Task.
In the material below, begin at the line that has "Обшарпанные дверь и", stop after the line that has "Foto: TU Graz/Lignum)", and transcribe those lines exactly, without pictures.

Materials provided.
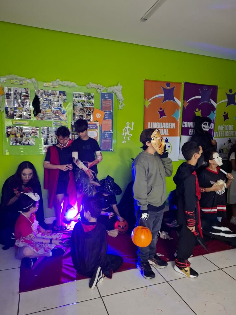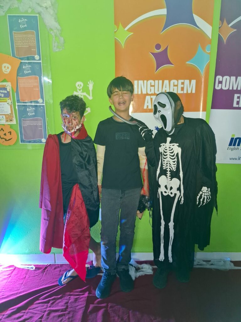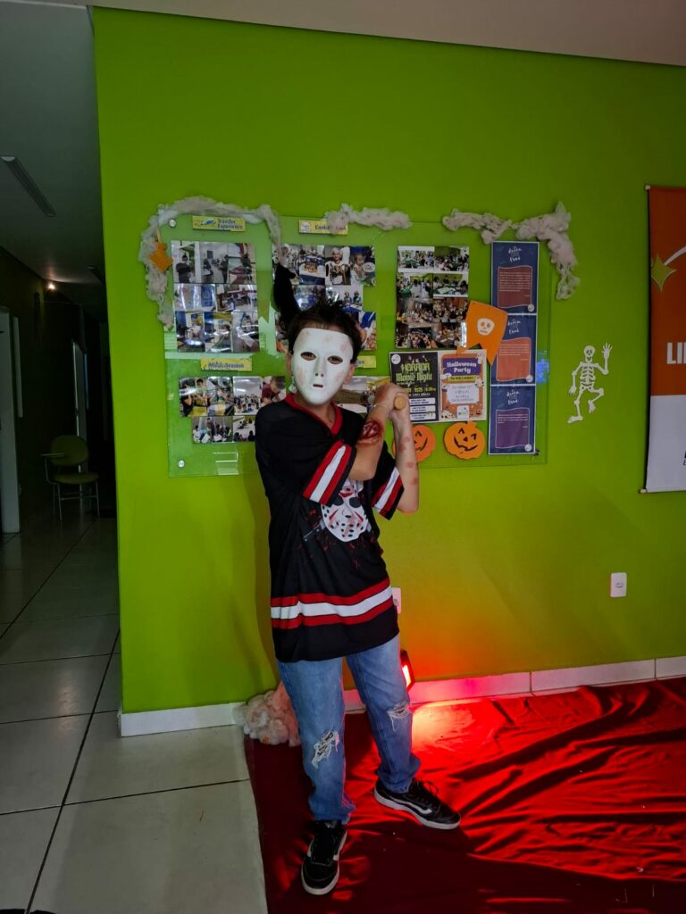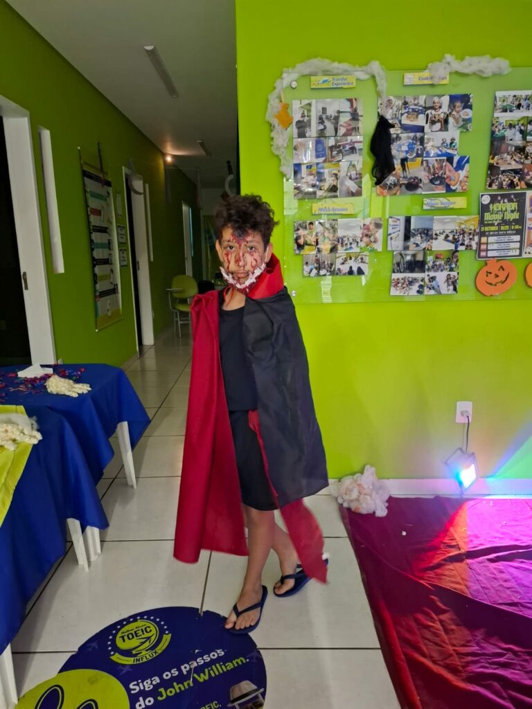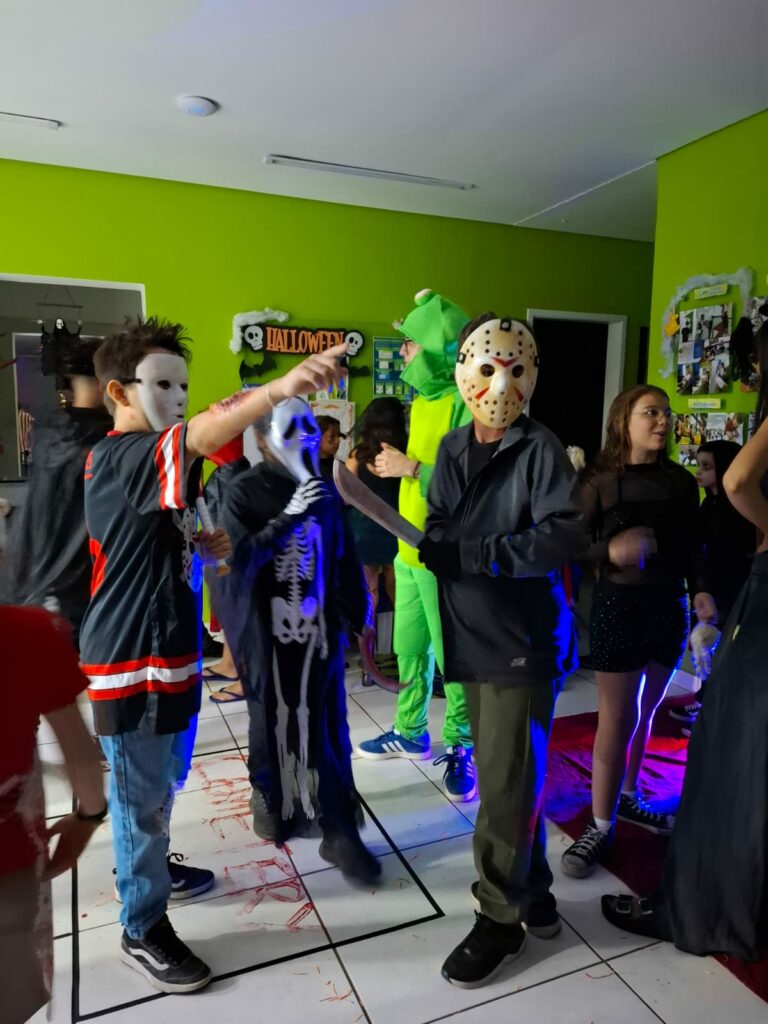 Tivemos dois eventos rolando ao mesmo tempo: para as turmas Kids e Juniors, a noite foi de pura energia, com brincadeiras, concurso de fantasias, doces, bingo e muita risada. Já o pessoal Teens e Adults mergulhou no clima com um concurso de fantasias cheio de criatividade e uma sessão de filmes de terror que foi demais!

==

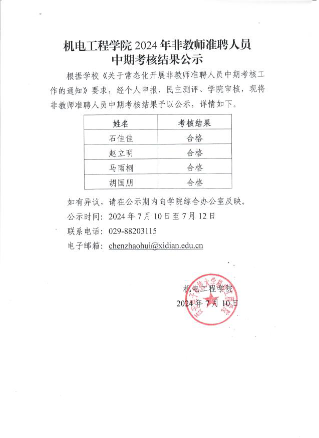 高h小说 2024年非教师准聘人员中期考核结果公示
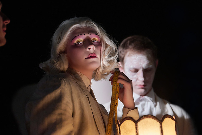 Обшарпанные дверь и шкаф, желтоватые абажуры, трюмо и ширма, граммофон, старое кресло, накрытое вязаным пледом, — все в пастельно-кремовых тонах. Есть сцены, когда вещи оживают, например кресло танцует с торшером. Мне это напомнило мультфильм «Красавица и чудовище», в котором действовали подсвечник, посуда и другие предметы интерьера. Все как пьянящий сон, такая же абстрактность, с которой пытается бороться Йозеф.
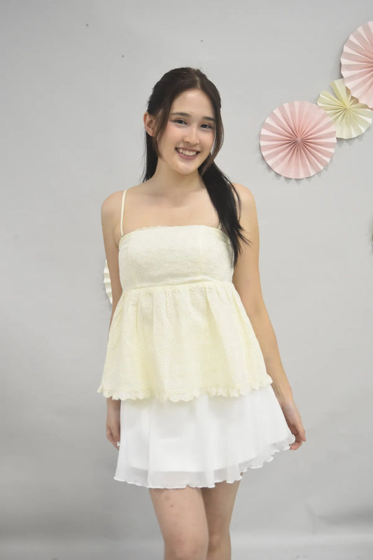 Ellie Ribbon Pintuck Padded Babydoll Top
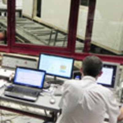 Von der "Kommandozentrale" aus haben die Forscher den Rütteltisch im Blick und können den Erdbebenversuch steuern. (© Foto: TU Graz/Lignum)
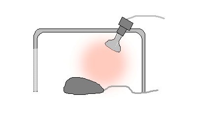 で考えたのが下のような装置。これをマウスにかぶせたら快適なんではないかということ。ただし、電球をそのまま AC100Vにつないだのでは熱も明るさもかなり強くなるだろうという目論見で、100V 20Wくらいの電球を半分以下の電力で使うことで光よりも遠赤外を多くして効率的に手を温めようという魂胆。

Written answer.
 Обшарпанные дверь и шкаф, желтоватые абажуры, трюмо и ширма, граммофон, старое кресло, накрытое вязаным пледом, — все в пастельно-кремовых тонах. Есть сцены, когда вещи оживают, например кресло танцует с торшером. Мне это напомнило мультфильм «Красавица и чудовище», в котором действовали подсвечник, посуда и другие предметы интерьера. Все как пьянящий сон, такая же абстрактность, с которой пытается бороться Йозеф.
 Ellie Ribbon Pintuck Padded Babydoll Top
 Von der "Kommandozentrale" aus haben die Forscher den Rütteltisch im Blick und können den Erdbebenversuch steuern. (© Foto: TU Graz/Lignum)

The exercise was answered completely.